日本にやってきたのは1984年。宝塚で初演。月組トップスターだった大地真央さんがこの作品に惚れ込んで、自分の主演作にと引っ張ってきたのは有名な話だ。相手役は黒木瞳さん。言わずと知れたスーパービッグネームのトップコンビが演じ、宝塚版の歴史がスタートした。紫吹淳さん、映美くららさんとこれまたテレビでもお馴染みのお二人による月組で再演。月組再演版では当時5年目の下級生ながらメインキャストを演じていた北翔海莉さんが、芸歴18年目にトップお披露目公演として妃海風さんともに主演した星組版。そして2025年の今、宝塚では10年越しに月組再再演版が上演されているわけである。
10年前、星組版の『ガイズ』をきっかけに私の人生は一変した。ちょうど大学に進学する直前の冬というタイミングも重なって、創世記のようにまっさらなところから新しい世界が構築されていく、すべての始まりにガイズがあった。
あの出会いの何が私に響いたのか、何が春の芽吹きを呼び起こしたのか。いま客席に座ってあの美しく煌びやかなオーバーチュアが鳴り、ブロードウェイの街頭に颯爽とスカイ・マスターソンが姿を現すたびに、その答えを探し求め続けているような気がする。

『ガイズ&ドールズ』はアメリカでの誕生以来、ブロードウェイのお伽話や寓話と評されてきた。

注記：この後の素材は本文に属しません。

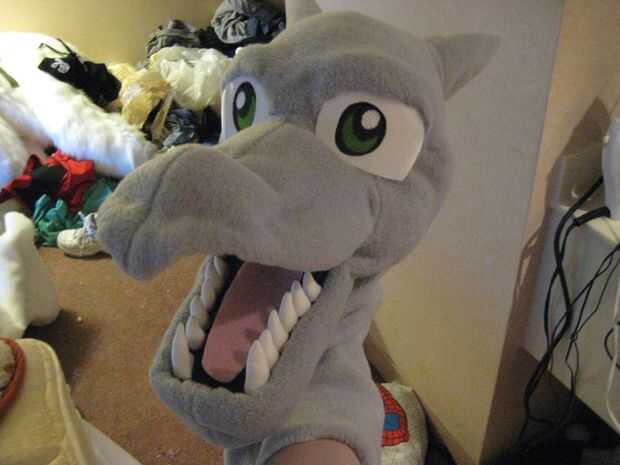 . Recomiendo coser cuando se trabaja con una tela corto o no pelo. El interior de la boca se hizo con vellón pegado en y Crayola mágica de modelo para los dientes.
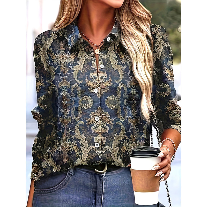 Women's Shirt Dressy Tops Formal Work Shirt Graphic Paisley Elegant Stylish Modern Long Sleeve Collar Regular Tops Work Party Evening Wear Daily Blue Fall Winter Spring, Fall, Winter, Summer
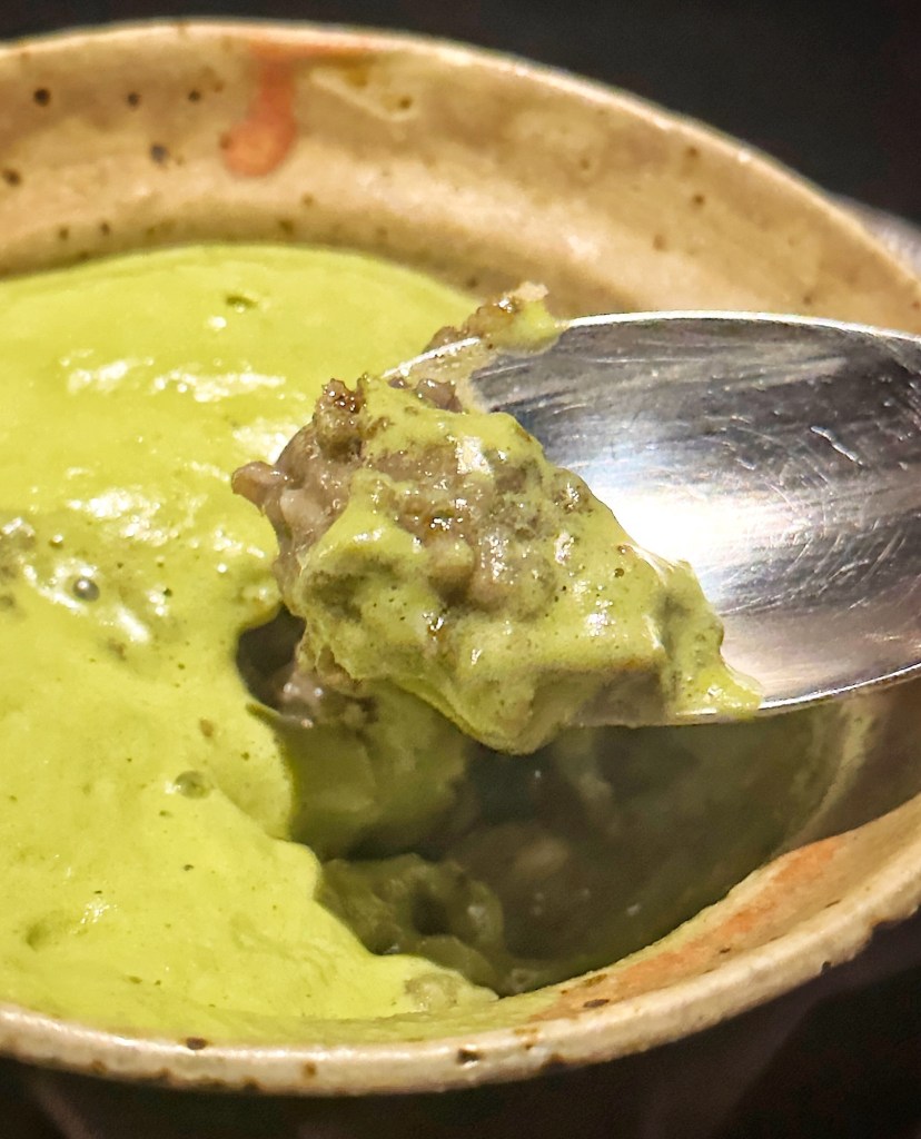 Threaded through the dessert was sobacha, a Japanese tea made from roasted buckwheat. Nutty, toasty, and slightly earthy, it added depth and a subtle bitterness that tempered the sweetness and tied the dish together.

舞台は1948年ごろのニューヨーク。空に届かんばかりの賭けっぷりからアメリカいちとまで評された生粋のギャンブラー、スカイ・マスターソンがひょんな賭けをきっかけに、プロテスタントの一派である救世軍のお堅い女軍曹サラ・ブラウンと恋に落ちる。一方、その賭けを持ちかけたサイコロ賭博の仕切屋ネイサン・デトロイトは、フィアンセのショーガール、ミス・アデレイドと婚約14周年を迎えるもいまだ結婚の気配はない。ふたつのカップルが巡り巡って危機に陥った末、スカイは救世軍に入りサラと結婚。ネイサンも新聞屋という定職について、アデレイドと結婚する。そしてその裏には聖書に導かれたかのような運命が見え隠れする。
ブロードウェイのタイムズスクエアからコロンバスサークルというごくごく狭い徒歩15分圏内で、彼らの生き方が変わる大きな一ページが描かれるのだが、その期間はエピローグを除くとたった3日間。あっという間のスピードで迎えるハッピーエンディングこそ、『ガイズ&ドールズ』が「お伽話」と呼ばれる理由のひとつだろう。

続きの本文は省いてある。